**Exercise objective**. Print, exactly and without pictures, the lines from the one where "陈浩民被吹气球与他的三个女儿" appears down to the end of the entries.

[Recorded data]
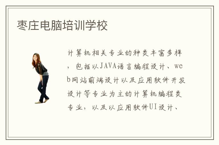 計算機相關(guān)專業(yè)的種類豐富多樣,包括以JAVA語言編程設(shè)計、web網(wǎng)站前端設(shè)計以及應(yīng)用軟件開發(fā)設(shè)計等專業(yè)為主的計算機編程類專業(yè),以及以應(yīng)用軟件UI設(shè)計、html5網(wǎng)頁設(shè)計以及平面設(shè)計等計算機美術(shù)類專業(yè)。計算機專業(yè)的豐富多樣也給想要學(xué)習(xí)計算機相關(guān)專業(yè)的同學(xué)帶來了更多的選擇,然而計算機相關(guān)專業(yè)培訓(xùn)學(xué)校的選擇也是大家在糾結(jié)的,那么棗莊電腦培訓(xùn)學(xué)校哪家靠譜呢?
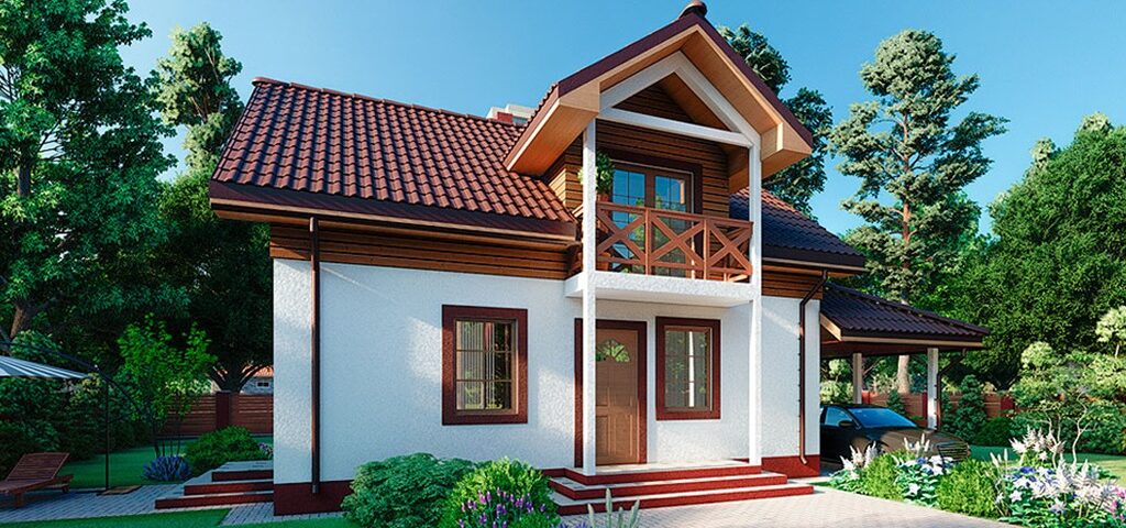 Красивый загородный дом с мансардой, балконом и навесом под авто.
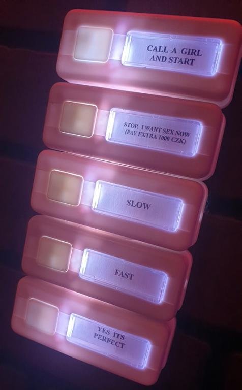 Jako dokonalá vychytávka jsou k dispozici u otvoru tlačítka, kterými dáváte dívce na druhé straně signály, zdali chcete pomalejší tempo, rychlejší tempo, nebo že dokonce chcete Gloryhole opustit, prodloužit setkání o dalších 30 min. a přejít s touto dívkou ke klasickému sexíku (za příplatek 1000 ķč)
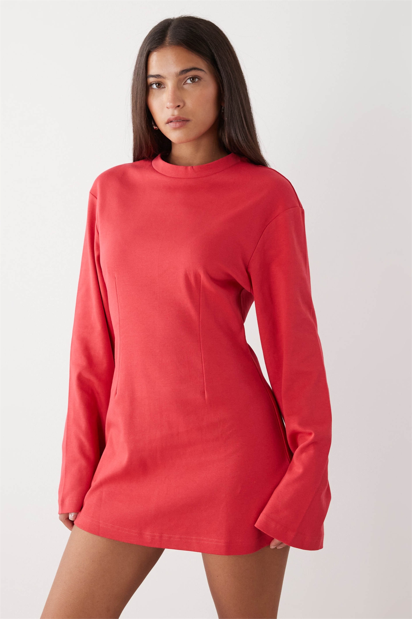 Мини-платье с затянутой талией и длинными рукавами
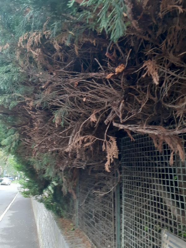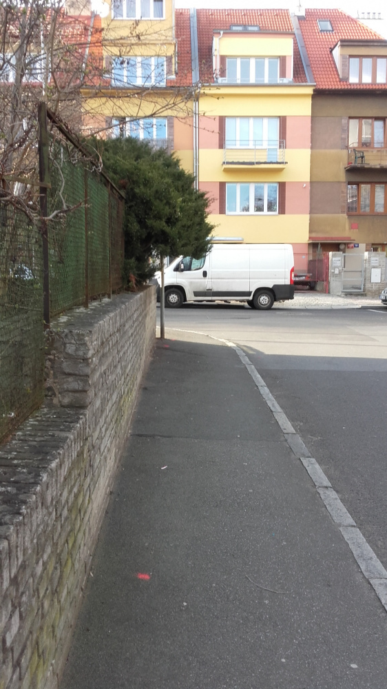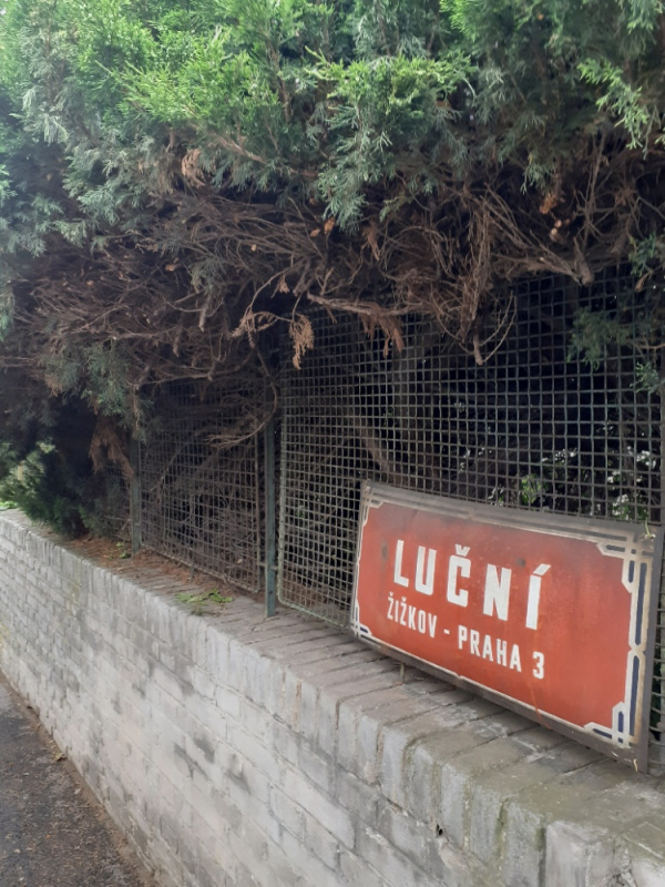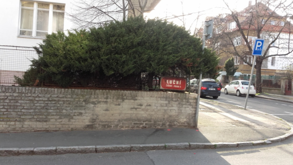 Křoví prorůstá plotem ze zahrady na chodník a brání v pohodlném průchodu, někdy nutí chodce až ke vstoupení do vozovky. Je potřeba ořezat větve vyčnívající na chodník. Jde o úsek na křižovatce ulice Luční a U Kněžské louky vlevo ve směru jízdy z ulice Luční, hlavně v ulici Luční, ale též v ulici U Kněžské louky 30.
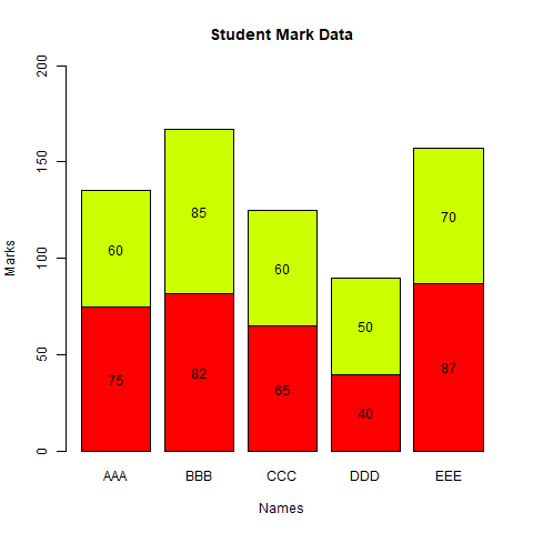 The above code plots names on the X and mark1 and mark2 stacked one above another on the Y-Axis. The text() function has to be used twice to display data values on the bars. The y parameter is divided by 2 to display the data label in the center of the bar vertically. In the second text() function call, the y parameter has to be incremented by the first y value.
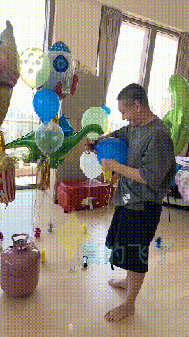陈浩民被吹气球与他的三个女儿。可爱的装饰品漂浮在空气中。有些是甜筒,有些是恐龙。房子装修很热情,这使得人们更好奇房子的全貌。
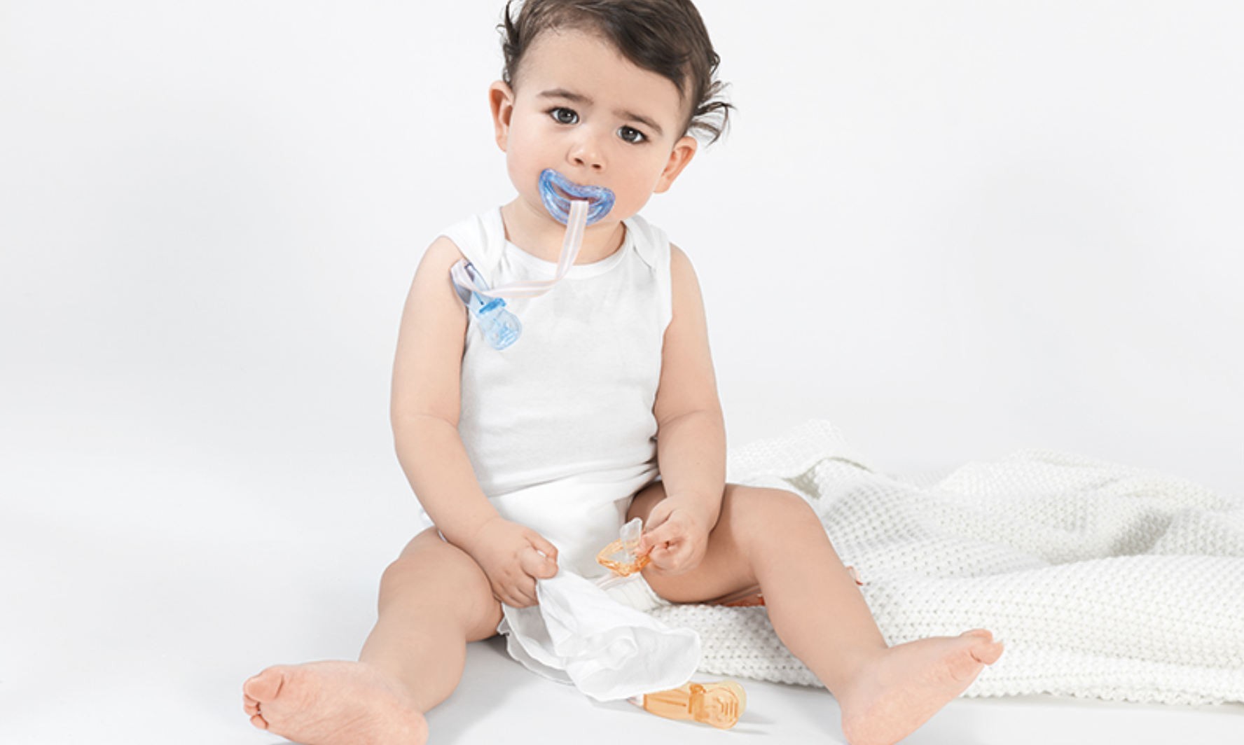 And don’t forget to clip on a Curaprox soother holder so your baby’s soother won’t get lost or dirty!

**Solution for this task**.
陈浩民被吹气球与他的三个女儿。可爱的装饰品漂浮在空气中。有些是甜筒,有些是恐龙。房子装修很热情,这使得人们更好奇房子的全貌。
 And don’t forget to clip on a Curaprox soother holder so your baby’s soother won’t get lost or dirty!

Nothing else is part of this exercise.